───── TASK INPUTS ─────
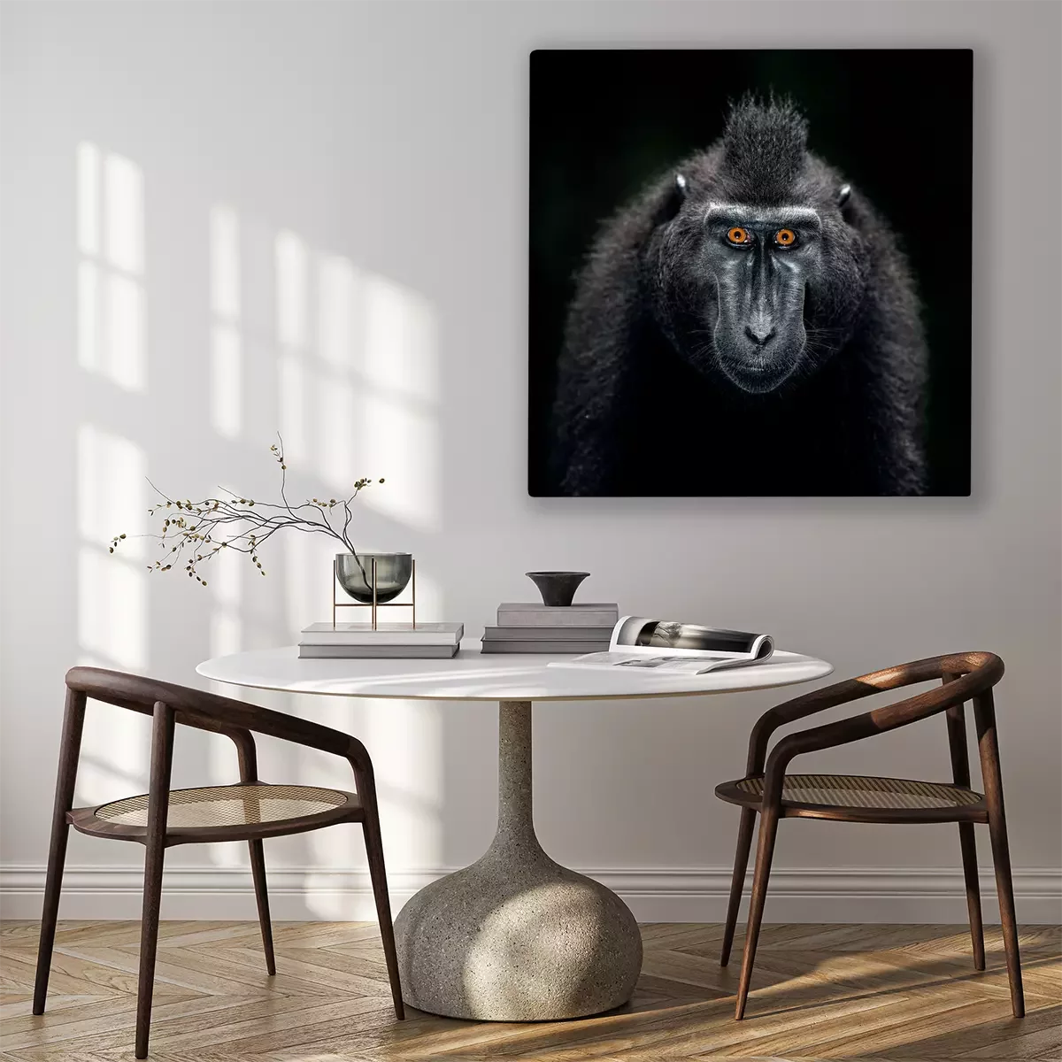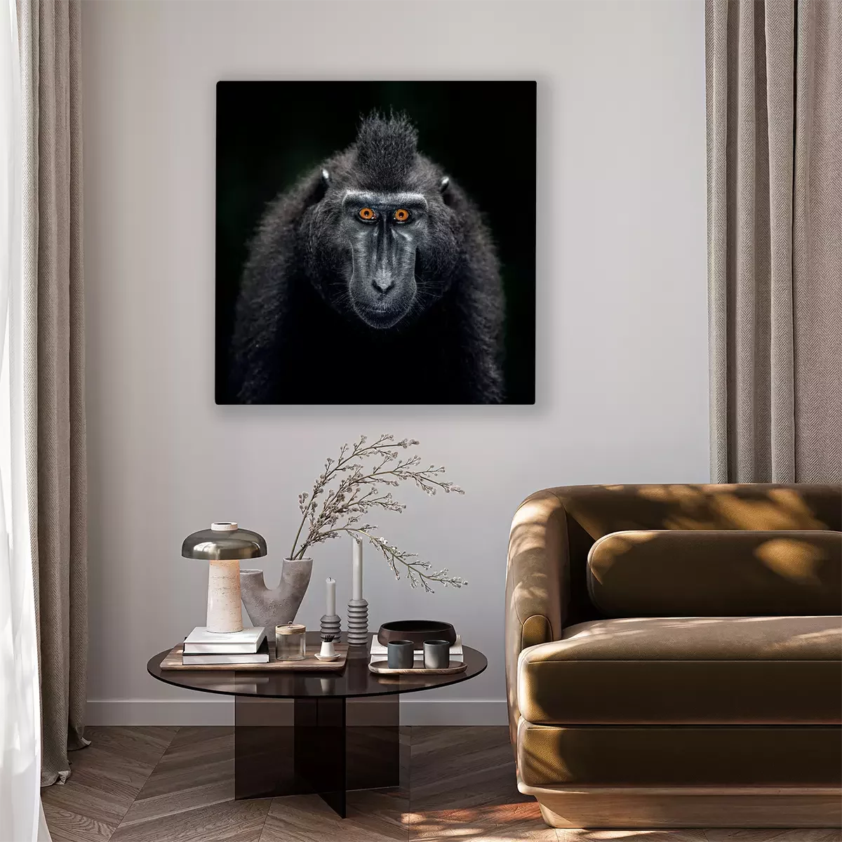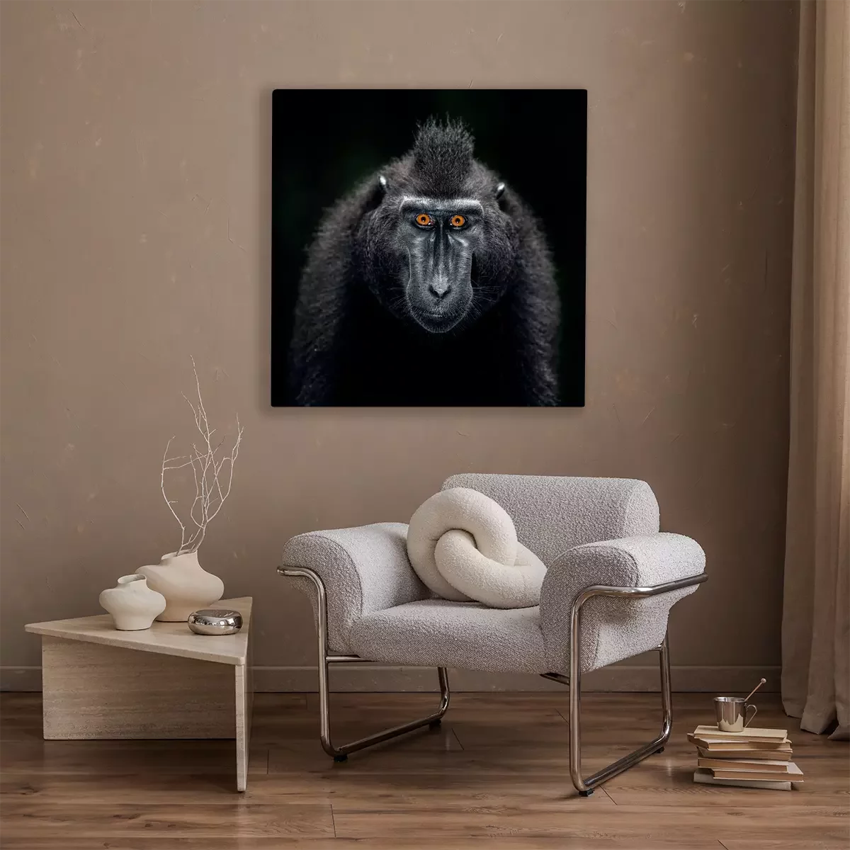 Bild: Schopfmakak auf schwarzem Hintergrund
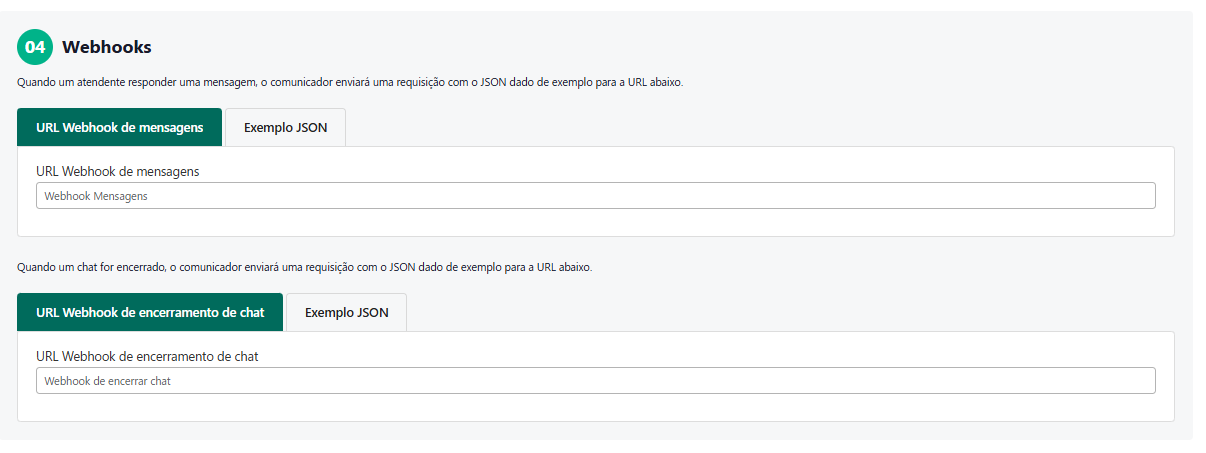 - Webhooks: Um deles é acionado sempre que uma nova mensagem é enviada no Comunicador, notificando o integrador em tempo real. O outro é disparado no momento em que o chat é encerrado, informando o integrador sobre o fim da conversa.
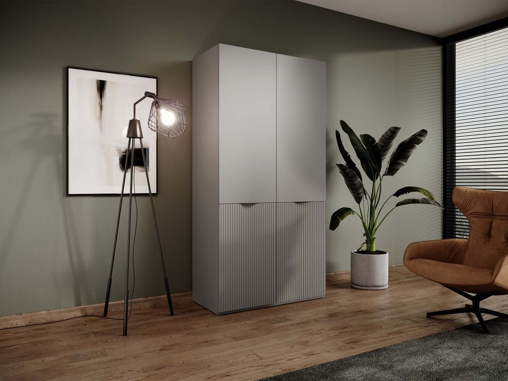 Vigyen otthonába új színt a szürke Sandbox Nova 100 moduláris szekrény segítségével. Ez az elegáns szürke színű nyílóajtós gardróbszekrény kiváló minőségű 1,6 cm vastag laminált bútorlapból készült, míg az ajtó alsó, marott része, 1,8 cm vastag, ami egyedi és attraktív megjelenést kölcsönöz a bútornak.
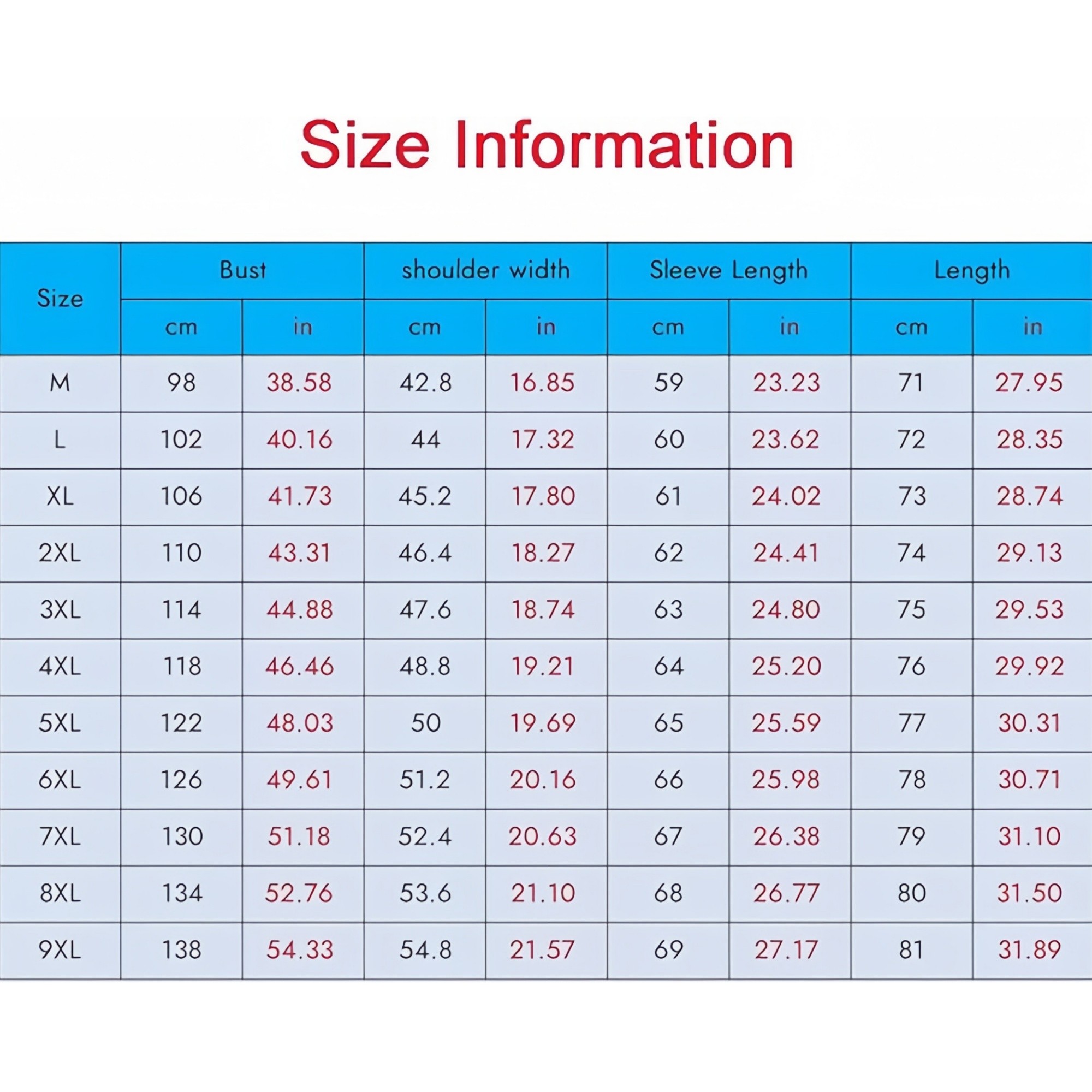Size: M~9XL
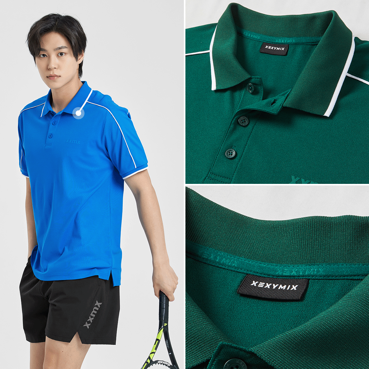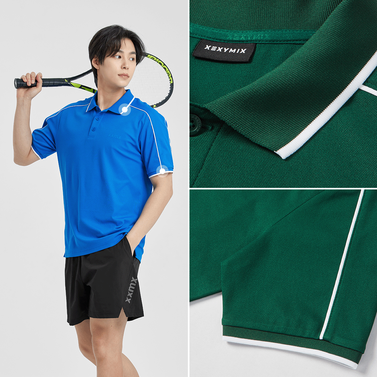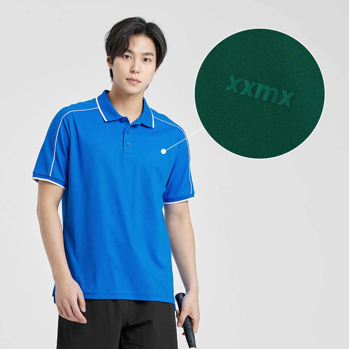 젝시믹스의 아이덴티티를 좌측 가슴 부분에 XXMX 로고 프린팅을 넣어 브랜드의 아이덴티티를 깔끔하게 보여줬어요. FABRIC INFO
─────
REQUIRED ACTION —
Hand back the records above exactly, leaving out every picture.

WRITTEN ANSWER —
 Bild: Schopfmakak auf schwarzem Hintergrund
 - Webhooks: Um deles é acionado sempre que uma nova mensagem é enviada no Comunicador, notificando o integrador em tempo real. O outro é disparado no momento em que o chat é encerrado, informando o integrador sobre o fim da conversa.
 Vigyen otthonába új színt a szürke Sandbox Nova 100 moduláris szekrény segítségével. Ez az elegáns szürke színű nyílóajtós gardróbszekrény kiváló minőségű 1,6 cm vastag laminált bútorlapból készült, míg az ajtó alsó, marott része, 1,8 cm vastag, ami egyedi és attraktív megjelenést kölcsönöz a bútornak.
Size: M~9XL
 젝시믹스의 아이덴티티를 좌측 가슴 부분에 XXMX 로고 프린팅을 넣어 브랜드의 아이덴티티를 깔끔하게 보여줬어요. FABRIC INFO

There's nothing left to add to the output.